The required output is the stretch from the line containing "Between these virtual" through the line containing "原廠福利品 THOMSON 自動排煙多功能燒烤器(附兩款烤盤) TM-SAS03G" in the records below, unaltered and with no pictures.

# INFORMATION SHOWN
------------

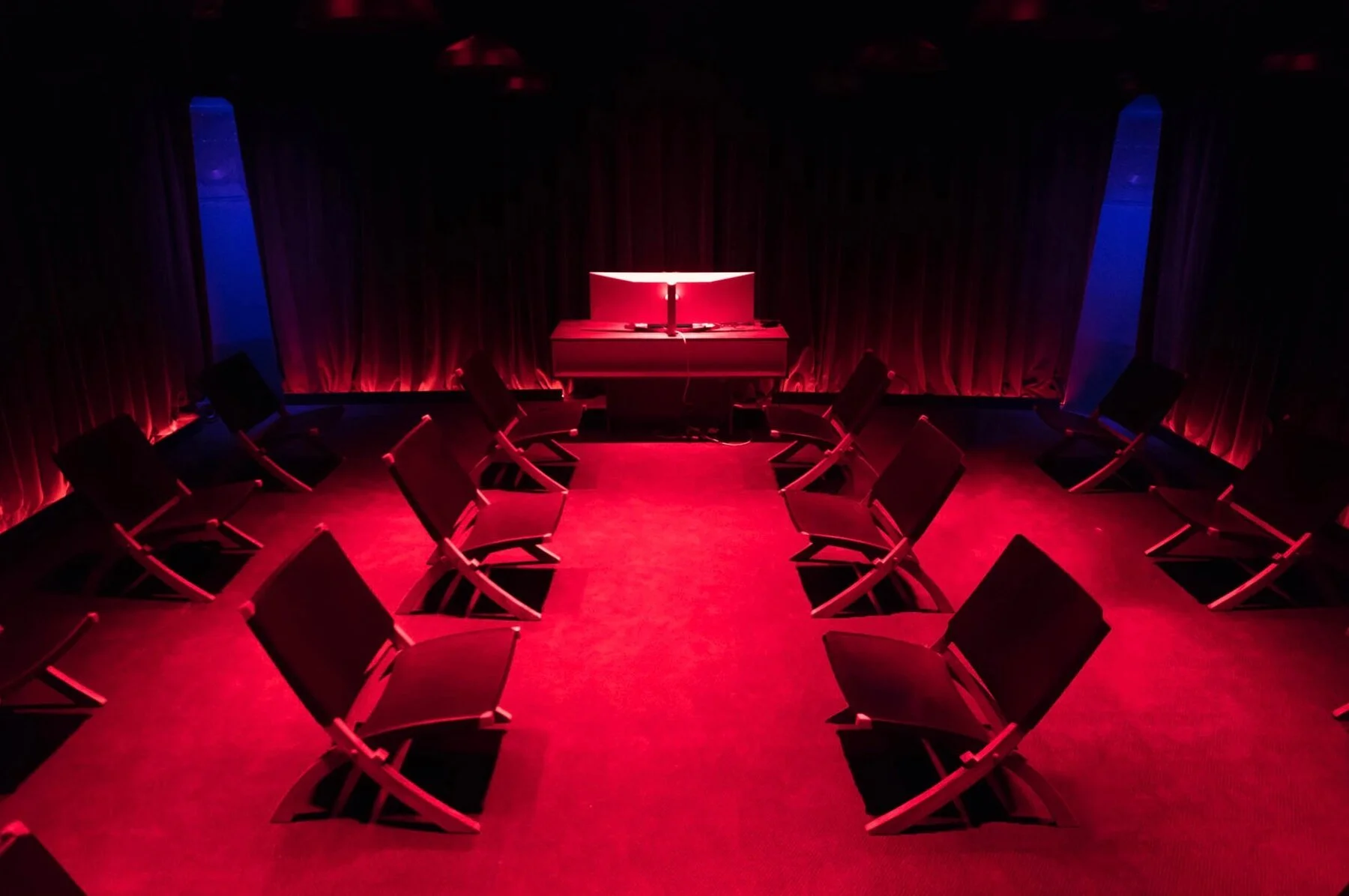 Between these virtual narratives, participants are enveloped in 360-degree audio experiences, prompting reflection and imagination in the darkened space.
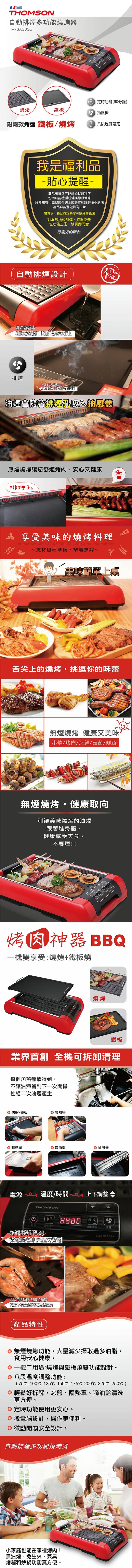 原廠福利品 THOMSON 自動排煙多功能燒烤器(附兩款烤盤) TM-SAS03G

------------

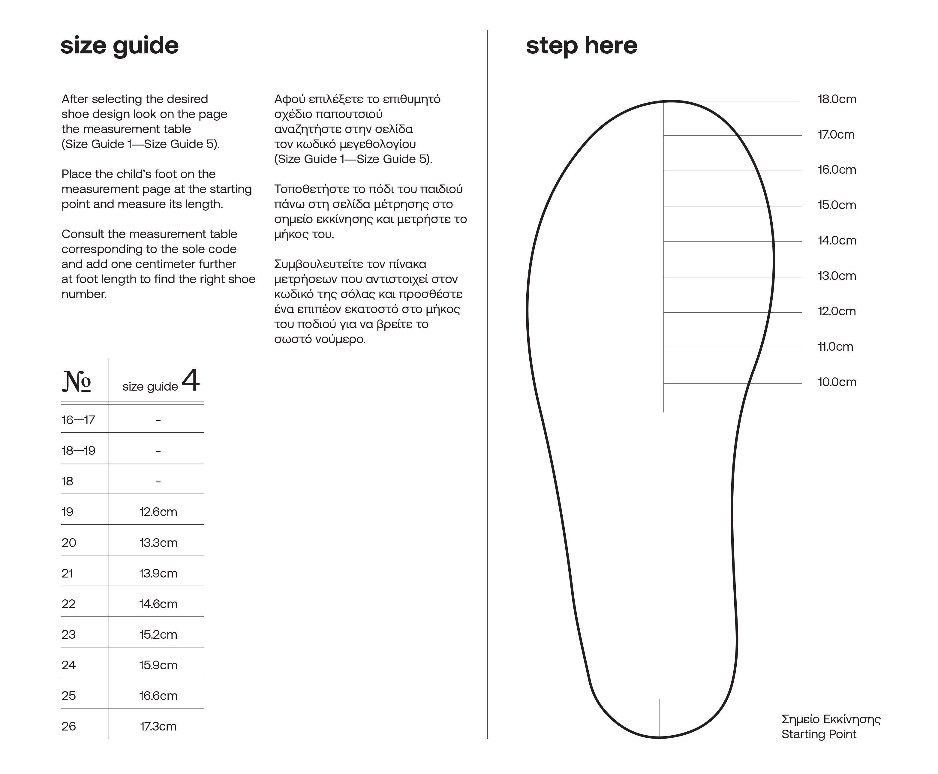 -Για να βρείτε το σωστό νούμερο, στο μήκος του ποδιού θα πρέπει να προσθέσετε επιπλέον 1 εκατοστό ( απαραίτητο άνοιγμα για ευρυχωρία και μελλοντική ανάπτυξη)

------------

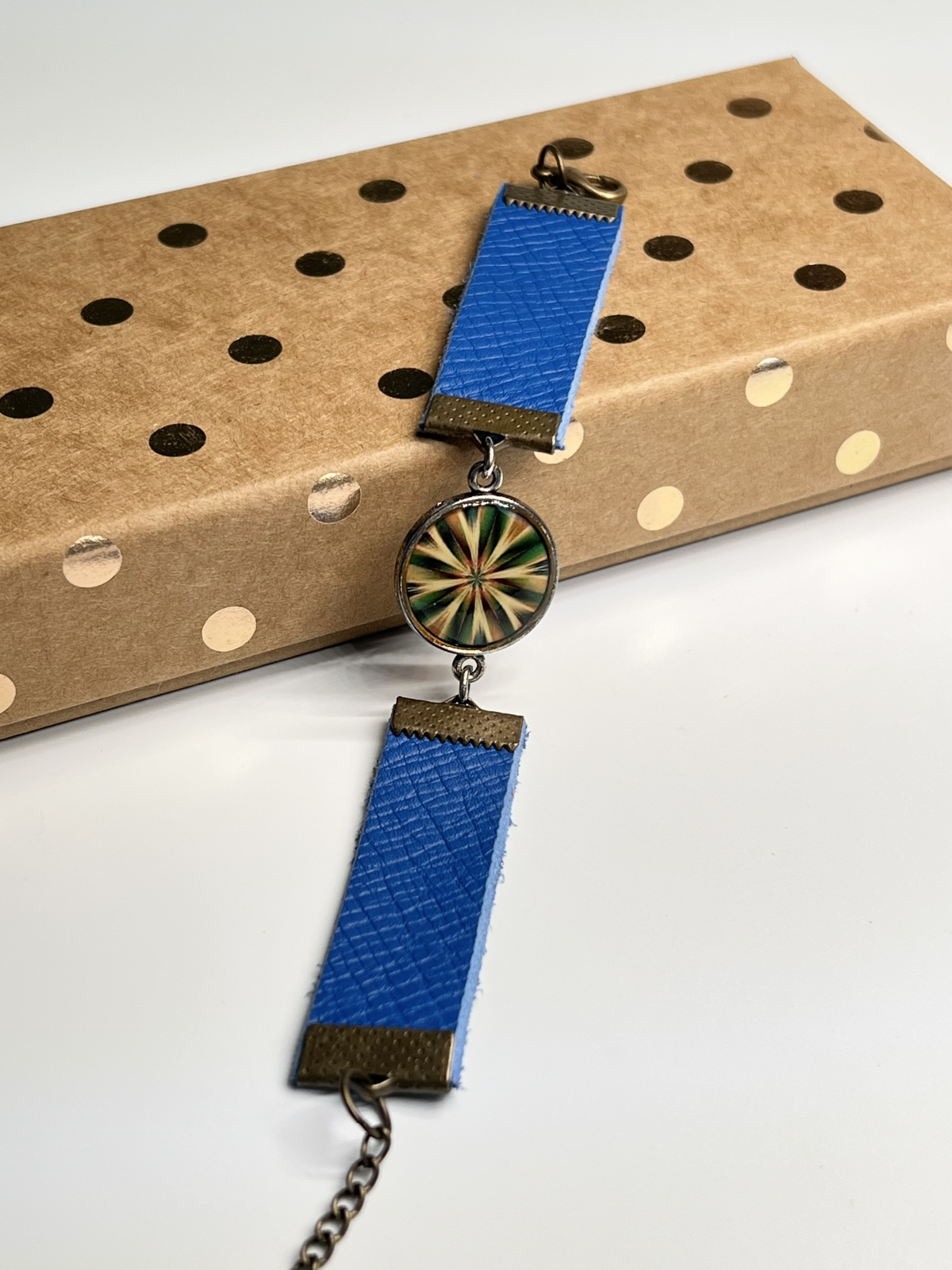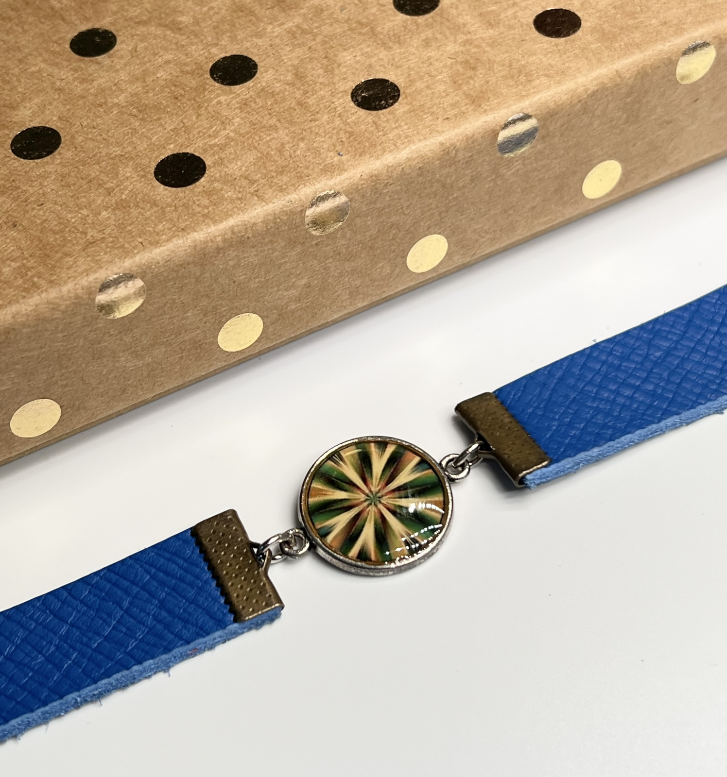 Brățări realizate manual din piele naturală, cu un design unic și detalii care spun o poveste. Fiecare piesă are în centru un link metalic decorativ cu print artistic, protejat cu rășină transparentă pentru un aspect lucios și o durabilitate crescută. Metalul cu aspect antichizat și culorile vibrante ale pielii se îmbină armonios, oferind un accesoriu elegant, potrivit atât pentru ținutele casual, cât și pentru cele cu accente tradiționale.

------------

# SOLUTION FOR THIS PROBLEM
 Between these virtual narratives, participants are enveloped in 360-degree audio experiences, prompting reflection and imagination in the darkened space.
 原廠福利品 THOMSON 自動排煙多功能燒烤器(附兩款烤盤) TM-SAS03G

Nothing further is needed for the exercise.